Various Swatch Severity Levels (last updated 07/20/01 by Alek)
Severity=HIGH (1-3)
1 # machine/critical service DOWN (from ping,email,ldap,lpd,mountd,nfs,slapd,syntax,web,etc.
1 *1 PowerChute initiated shutdown (via syslog if configured)
1 Sun Ultra internal overtemp (from syslog)
2 # gettemp reports HOT (from gettemp)
2 *2 steamd reports ERROR (from steamd/syslog if configured)
2 vxfs errors (from syslog)
3 *1 PowerChute detected Blackout (via syslog if configured)

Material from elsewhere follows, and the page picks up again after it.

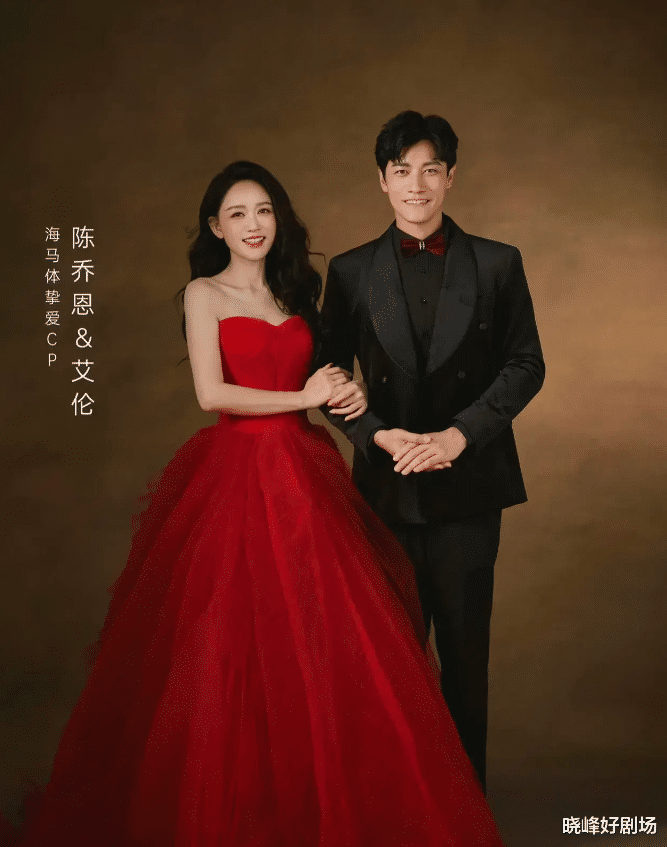 而身着正红色婚纱的陈乔恩,在蓬蓬纱裙的映衬下,乌黑的大波浪随意披着,显得娇艳无比。她笑容满面地手挽着艾伦,那种轻松自在、肆意洒脱的感觉,与一旁严肃端庄的新娘形成鲜明对比,仿佛是老父亲送女儿出嫁的场景。

3 Fibre Channel Problem (from syslog)
3 *3 Machine came back up (from /etc/rc script)
3 NAC came back up (from syslog - USUALLY generated)
3 NAC Disk Failure (from syslog)
3 # Problems with Tape-device from syslog
Severity=MEDIUM (4-6)
4 Disk/Tape read error/needs maintenance (from syslog)
5 # machine 5 min load factor > 20 from pingem
5 # gettemp reports WARM (from gettemp)
5 *1 PowerChute detected Bad Battery (via syslog if configured)
5 *2 steamd reports WARNING (via steamd/syslog if configured)
5 *4 NIS misconfiguration (/usr/local/share/bin/checkup.nis)
6 Power supply failures detected (from syslog)
6 swap space (or /tmp) exhausted (from syslog)
Severity=LOW (7-9)
7 NAC disk selection timeout (from syslog)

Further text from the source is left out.